(Collected data entries)
- Opening Delimiter -

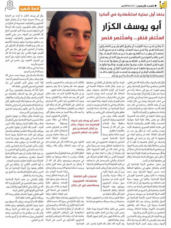 The magazine, published late Thursday, said the 27-year-old Syrian, who went to Germany as an asylum-seeker, had previously fought for a branch of al-Qaida in Iraq.
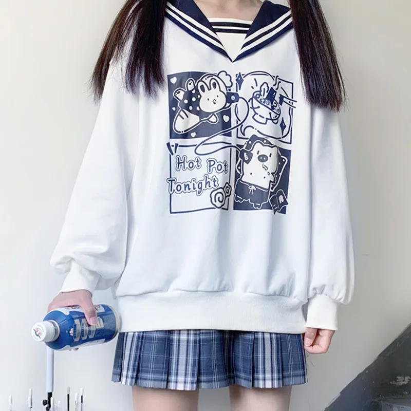 Толстовка женская с капюшоном, милый свитшот в стиле преппи В Стиле Лолита, свитшот с графическим изображением свиньи, кролика, кофта с матросским воротником для девочек-подростков, весна-осень
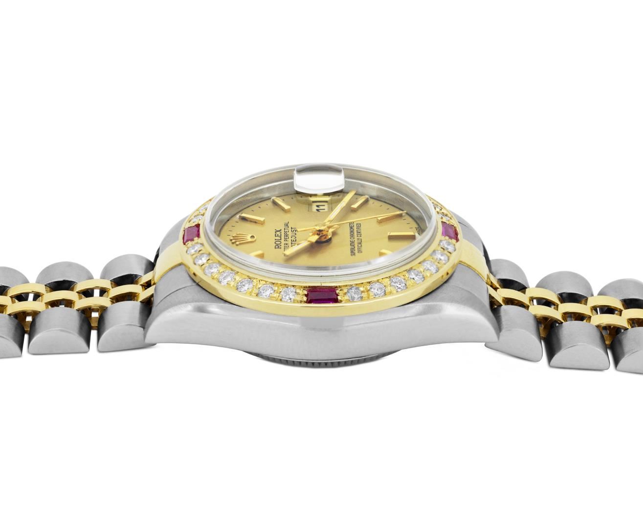 One Rolex Ladies Pre Owned Two Tone 18K Yellow Gold & Stainless Steel Rolex Datejust Polished, Serviced & Electronically Tested, Rolex Yellow Gold & Stainless Steel Case: 26mm, Rolex Yellow Gold Crown, Custom Bezel: New 18K Yellow Gold Ruby Beadset Diamond Bezel, Diamond + Gem Count: 36 Diamonds + 4 Rubies, Clarity: SI-VS, Color: G to H. Custom Crystal: New Sapphire With Magnifying Date Window. Hands: Luminescent Hands. Rolex Movement: 2235 Automatic Winding Quickset Movement. Rolex Factory Dial: Champagne Dial With Index Hour Markers, Dash Track, and Lumi Dots. Date Window: 3 O'Clock Position Date Display, Condition: G-6 Extra Fine. Rolex Bracelet: Two Tone 18K Yellow Gold & Stainless Steel Jubilee Band. Bright Polish & Satin Finish. 6.0 Inch Length, Adjustable. Fold Clasp, With Rolex Logo. This Watch Has Been Serviced And Time Tested. It Is In Excellent Condition, Free Of All Scratches And Dents. This Watch Comes With A Rolex Box.
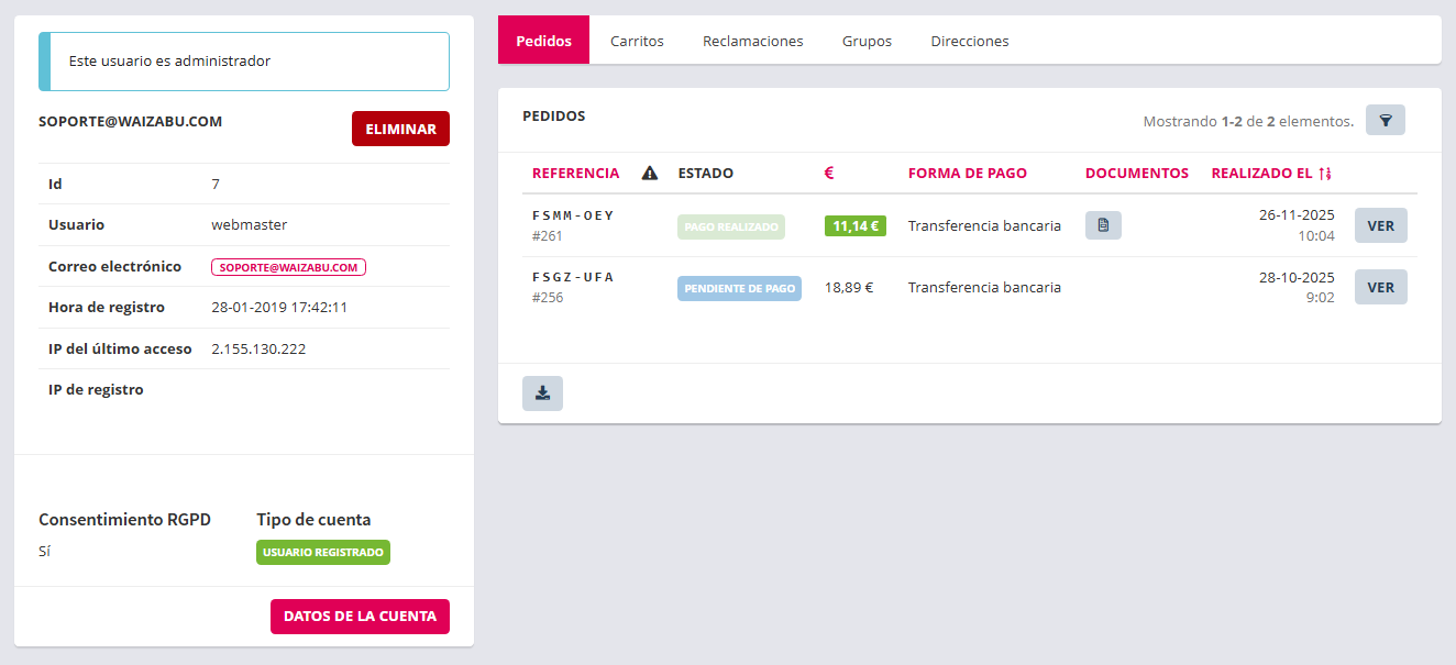 La ficha de cliente muestra la información completa del usuario seleccionado, con pestañas para consultar pedidos, carritos, reclamaciones, grupos y direcciones.
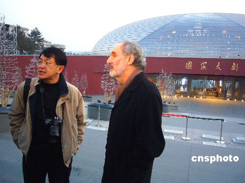 12月20日傍晚,國家大劇院主設計師安德魯出現在大劇院廣場前。據悉,安德魯將于12月22日出席國家大劇院首個演出季開幕盛典。背景資料:1998年4月,法國人保羅·安德魯參加了中國國家大劇院的設計競賽,經過兩輪競賽三次修改,歷時1年4個月,他的“巨蛋”方案從10個國家、36個設計單位的69個方案中拔得頭籌,1999年7月獲選為最終的建設方案。中新社發 玉龍 攝
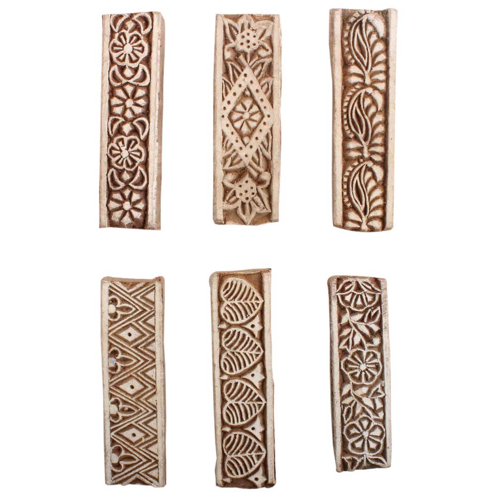 Set of 6 Piece New Mix Wooden Printing Block. Ideal for use on Fabric, Paper, Canvas, etc. These Blocks can be use to Print with Oil Colors, Fabric Colors, Water Colors, Acrylic Colors and Vegetable Colors.
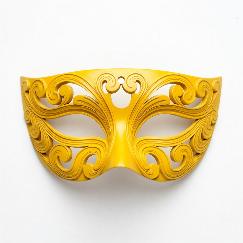 carnival mask, costume accessory, curved mask, decorative mask, detailed carving, elegant mask, eye mask, fancy mask, filigree design, isolated background, masquerade mask, ornate mask, party mask, shiny gold, swirling patterns, venetian mask, white background, gold mask
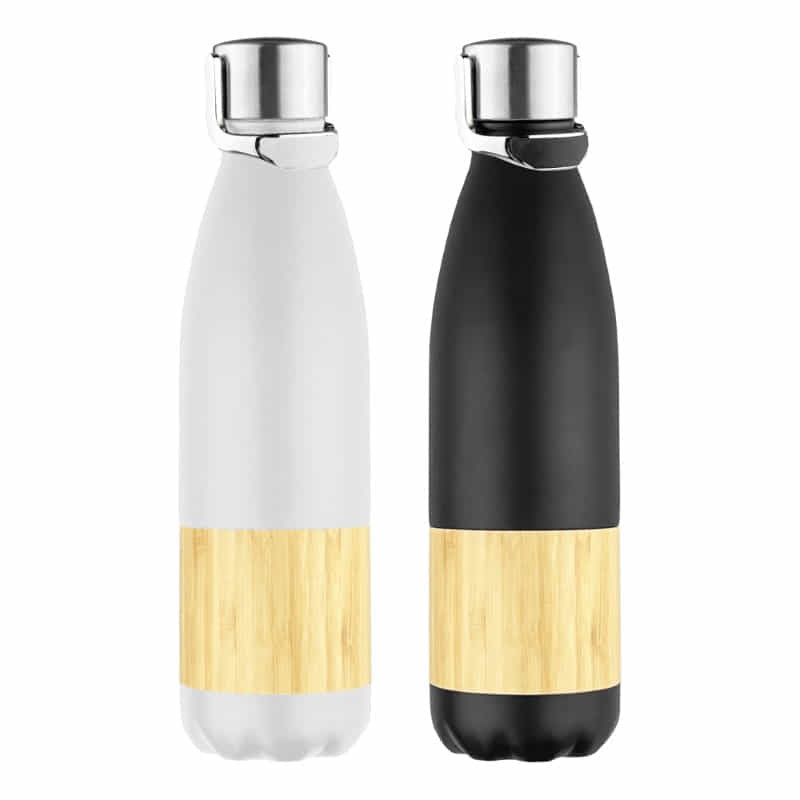 Robust 1L stainless steel, vacuum insulated drink bottle with a tough powder coated finish. The bottle features a stainless steel screw on lid with a convenient carry handle and the option of a bamboo panel. The bottle is presented in a black gift box.
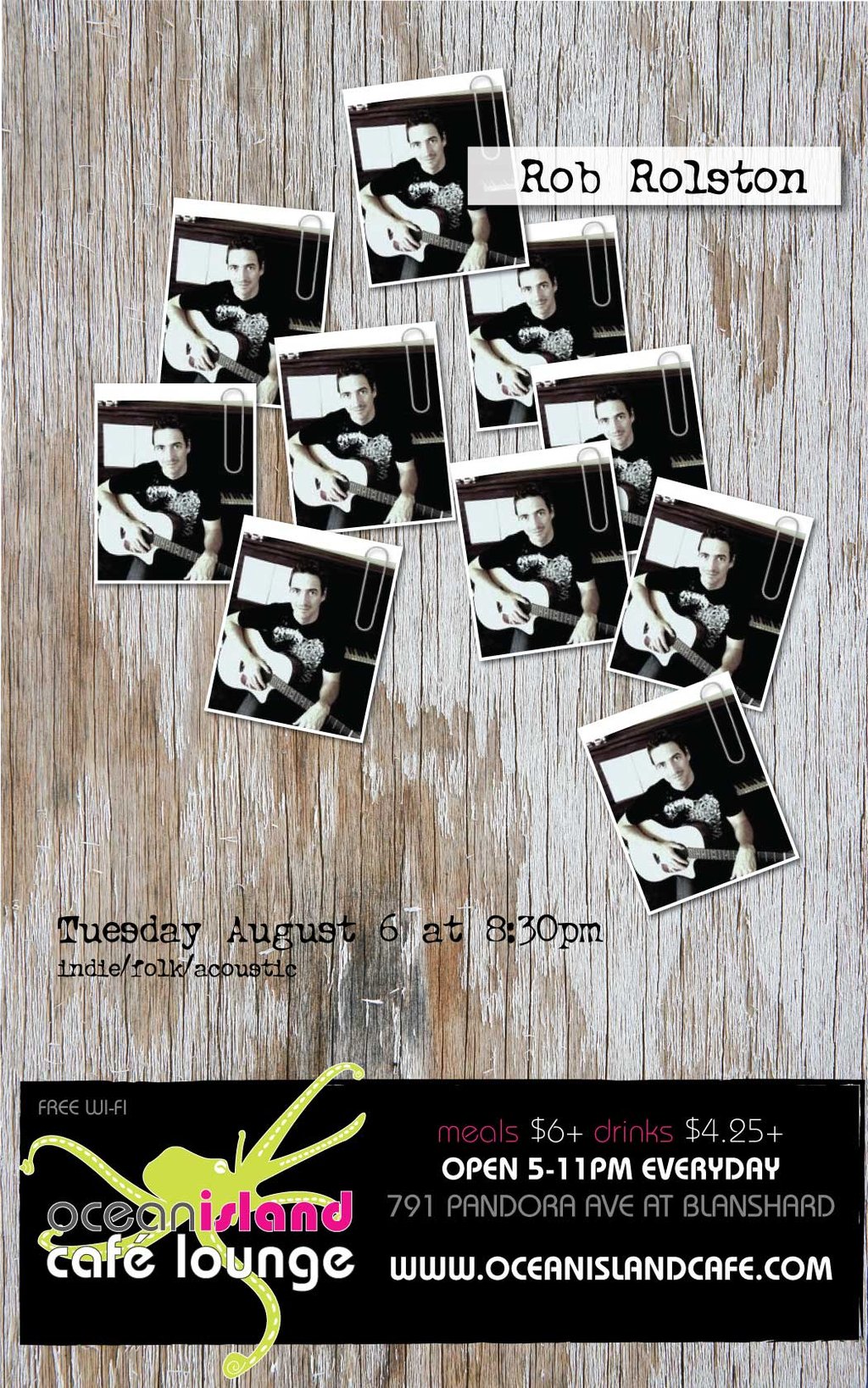 Rob Rolston is a singer/songwriter who has just re-located to Victoria. He has played in bands all over western Canada but has struck out on his own as a solo act. In addition to playing original music, he covers a mix of songs from alternative bands such as Pearl Jam, Sublime, Bedouin Soundclash and Fuel to mainstream pop hits from Jason Mraz and One Republic to classics such as the Tragically Hip, Cat Stevens and John Cougar... and many more.
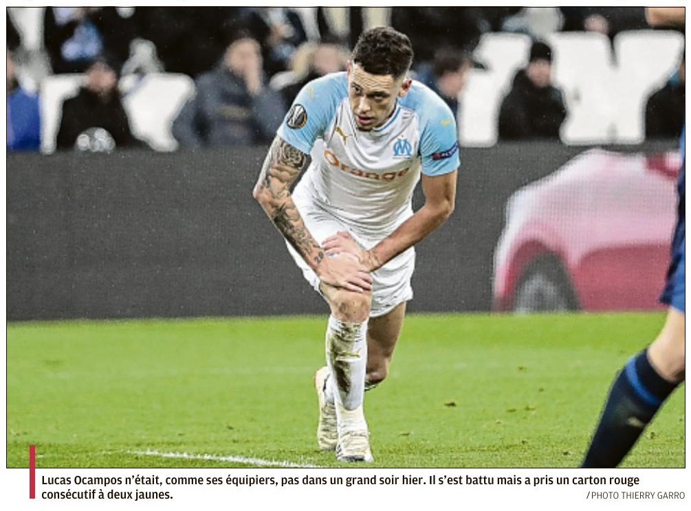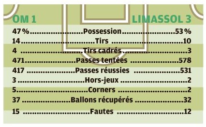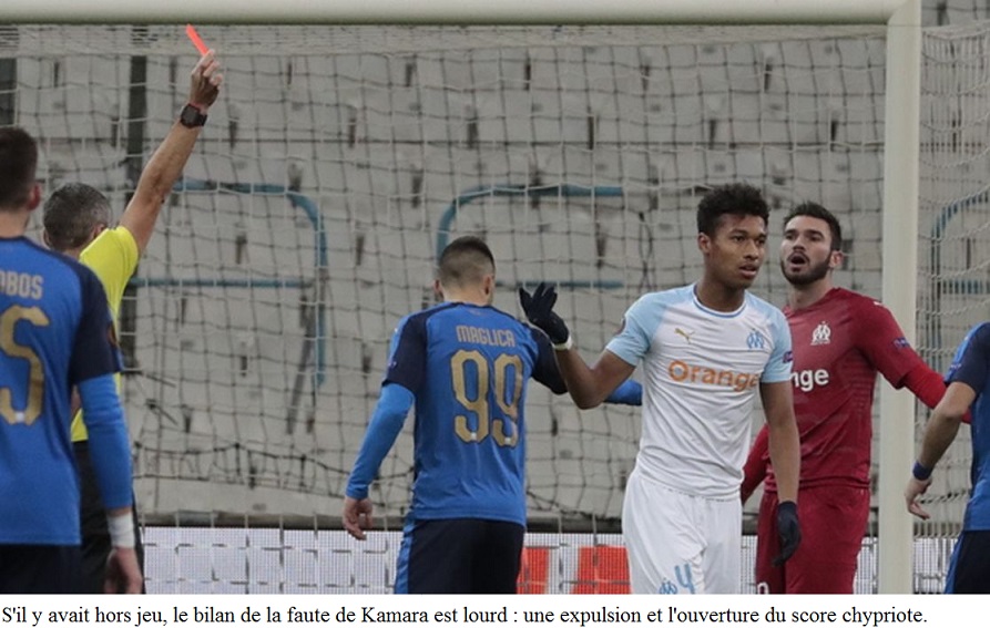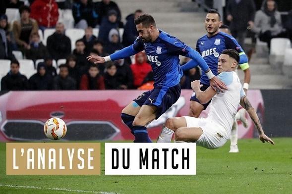Réduite à 10 après seulement 6 minutes de jeu, l'équipe olympienne s'est inclinée 3 buts à 1 sur sa pelouse de l'Orange Vélodrome face à l'Apollon Limassol pour sa dernière sortie européenne de la saison 2018-19. 5 changements dans le 11 Avec le report de Saint-Etienne, cela faisait huit jours que les Olympiens n'avaient pas joué. Et avec le report de OM - Bordeaux, qui devait avoir lieu dimanche 16, Rudi Garcia a peut-être moins fait tourner que prévu son effectif car la prochaine sortie des Marseillais est programmée mercredi 19 décembre, contre Strasbourg en Coupe de la Ligue. Quoi qu'il en soit, le coach marseillais a fait cinq changements par rapport à l'équipe qui avait débuté à Nantes. Escales, Sakai, Caleta-Car, Lopez et Payet étaient titulaires face aux Chypriotes à la " place " de Mandanda, Sarr, Rolando, Sanson et Germain. Le jeu Après seulement 7 minutes de jeu, l'OM s'est retrouvé à 10 contre 11 après la faute de Kamara qui lui a valu un carton rouge. Maglica a transformé le penalty en trompant Escales. Mais l'avantage des Chypriotes n'a duré que 4 minutes puisque Thauvin a repris, de la tête, un centre de Lopez. Deux buts et un carton rouge après à peine plus de dix minutes de jeu, le ton était donné ! Après la sortie de Kamara, Luiz Gustavo a pris le couloir gauche de la défense. Lopez et Strootman se sont positionnés devant la défense. Malheureusement, en infériorité numérique, les Marseillais ont souffert notamment en contre. Malgré quelques jolis mouvements et quelques opportunités, les Olympiens ont encaissé un but à la demi-heure de jeu par Maglica, qui reprenait de la tête un centre de Stylianou. En début de seconde période, une tête de Rami puis une frappe lointaine de Strootman ont failli remettre l'OM sur de bons rails mais les Chypriotes jouaient les coups à fond et trouvaient une fois de plus la faille sur une très belle reprise en demi-volée de Stylianou qui trouvait la lucarne d'Escales. Les changements opérés par Rudi Garcia (entrées de Sarr puis Radonjic et enfin Njie) ont apporté de la fraîcheur mais à 10 contre 11, avec la fatigue d'une équipe qui a beaucoup plus couru, la mission était trop difficile. Une faible affluence L'horaire du match, le froid, l'adversaire et l'absence d'enjeu... Tout était réuni pour avoir une faible affluence jeudi en fin d'après-midi à l'Orange Vélodrome. Cela a été le cas puisque 9274 spectateurs ont pris place dans l'enceinte marseillaise. Mais cela n'a pas empêché les supporters olympiens de faire du bruit. Le public des virages repositionné en Jean Bouin a donné de la voix en chantant et encourageant son équipe préférée durant 90 minutes dans le froid.

- Closing Delimiter -

Task prompt: Reproduce each line of the records above, exactly and without pictures.

Finished exercise:
 The magazine, published late Thursday, said the 27-year-old Syrian, who went to Germany as an asylum-seeker, had previously fought for a branch of al-Qaida in Iraq.
 Толстовка женская с капюшоном, милый свитшот в стиле преппи В Стиле Лолита, свитшот с графическим изображением свиньи, кролика, кофта с матросским воротником для девочек-подростков, весна-осень
 One Rolex Ladies Pre Owned Two Tone 18K Yellow Gold & Stainless Steel Rolex Datejust Polished, Serviced & Electronically Tested, Rolex Yellow Gold & Stainless Steel Case: 26mm, Rolex Yellow Gold Crown, Custom Bezel: New 18K Yellow Gold Ruby Beadset Diamond Bezel, Diamond + Gem Count: 36 Diamonds + 4 Rubies, Clarity: SI-VS, Color: G to H. Custom Crystal: New Sapphire With Magnifying Date Window. Hands: Luminescent Hands. Rolex Movement: 2235 Automatic Winding Quickset Movement. Rolex Factory Dial: Champagne Dial With Index Hour Markers, Dash Track, and Lumi Dots. Date Window: 3 O'Clock Position Date Display, Condition: G-6 Extra Fine. Rolex Bracelet: Two Tone 18K Yellow Gold & Stainless Steel Jubilee Band. Bright Polish & Satin Finish. 6.0 Inch Length, Adjustable. Fold Clasp, With Rolex Logo. This Watch Has Been Serviced And Time Tested. It Is In Excellent Condition, Free Of All Scratches And Dents. This Watch Comes With A Rolex Box.
 La ficha de cliente muestra la información completa del usuario seleccionado, con pestañas para consultar pedidos, carritos, reclamaciones, grupos y direcciones.
 12月20日傍晚,國家大劇院主設計師安德魯出現在大劇院廣場前。據悉,安德魯將于12月22日出席國家大劇院首個演出季開幕盛典。背景資料:1998年4月,法國人保羅·安德魯參加了中國國家大劇院的設計競賽,經過兩輪競賽三次修改,歷時1年4個月,他的“巨蛋”方案從10個國家、36個設計單位的69個方案中拔得頭籌,1999年7月獲選為最終的建設方案。中新社發 玉龍 攝
 Set of 6 Piece New Mix Wooden Printing Block. Ideal for use on Fabric, Paper, Canvas, etc. These Blocks can be use to Print with Oil Colors, Fabric Colors, Water Colors, Acrylic Colors and Vegetable Colors.
 carnival mask, costume accessory, curved mask, decorative mask, detailed carving, elegant mask, eye mask, fancy mask, filigree design, isolated background, masquerade mask, ornate mask, party mask, shiny gold, swirling patterns, venetian mask, white background, gold mask
 Robust 1L stainless steel, vacuum insulated drink bottle with a tough powder coated finish. The bottle features a stainless steel screw on lid with a convenient carry handle and the option of a bamboo panel. The bottle is presented in a black gift box.
 Rob Rolston is a singer/songwriter who has just re-located to Victoria. He has played in bands all over western Canada but has struck out on his own as a solo act. In addition to playing original music, he covers a mix of songs from alternative bands such as Pearl Jam, Sublime, Bedouin Soundclash and Fuel to mainstream pop hits from Jason Mraz and One Republic to classics such as the Tragically Hip, Cat Stevens and John Cougar... and many more.
Réduite à 10 après seulement 6 minutes de jeu, l'équipe olympienne s'est inclinée 3 buts à 1 sur sa pelouse de l'Orange Vélodrome face à l'Apollon Limassol pour sa dernière sortie européenne de la saison 2018-19. 5 changements dans le 11 Avec le report de Saint-Etienne, cela faisait huit jours que les Olympiens n'avaient pas joué. Et avec le report de OM - Bordeaux, qui devait avoir lieu dimanche 16, Rudi Garcia a peut-être moins fait tourner que prévu son effectif car la prochaine sortie des Marseillais est programmée mercredi 19 décembre, contre Strasbourg en Coupe de la Ligue. Quoi qu'il en soit, le coach marseillais a fait cinq changements par rapport à l'équipe qui avait débuté à Nantes. Escales, Sakai, Caleta-Car, Lopez et Payet étaient titulaires face aux Chypriotes à la " place " de Mandanda, Sarr, Rolando, Sanson et Germain. Le jeu Après seulement 7 minutes de jeu, l'OM s'est retrouvé à 10 contre 11 après la faute de Kamara qui lui a valu un carton rouge. Maglica a transformé le penalty en trompant Escales. Mais l'avantage des Chypriotes n'a duré que 4 minutes puisque Thauvin a repris, de la tête, un centre de Lopez. Deux buts et un carton rouge après à peine plus de dix minutes de jeu, le ton était donné ! Après la sortie de Kamara, Luiz Gustavo a pris le couloir gauche de la défense. Lopez et Strootman se sont positionnés devant la défense. Malheureusement, en infériorité numérique, les Marseillais ont souffert notamment en contre. Malgré quelques jolis mouvements et quelques opportunités, les Olympiens ont encaissé un but à la demi-heure de jeu par Maglica, qui reprenait de la tête un centre de Stylianou. En début de seconde période, une tête de Rami puis une frappe lointaine de Strootman ont failli remettre l'OM sur de bons rails mais les Chypriotes jouaient les coups à fond et trouvaient une fois de plus la faille sur une très belle reprise en demi-volée de Stylianou qui trouvait la lucarne d'Escales. Les changements opérés par Rudi Garcia (entrées de Sarr puis Radonjic et enfin Njie) ont apporté de la fraîcheur mais à 10 contre 11, avec la fatigue d'une équipe qui a beaucoup plus couru, la mission était trop difficile. Une faible affluence L'horaire du match, le froid, l'adversaire et l'absence d'enjeu... Tout était réuni pour avoir une faible affluence jeudi en fin d'après-midi à l'Orange Vélodrome. Cela a été le cas puisque 9274 spectateurs ont pris place dans l'enceinte marseillaise. Mais cela n'a pas empêché les supporters olympiens de faire du bruit. Le public des virages repositionné en Jean Bouin a donné de la voix en chantant et encourageant son équipe préférée durant 90 minutes dans le froid.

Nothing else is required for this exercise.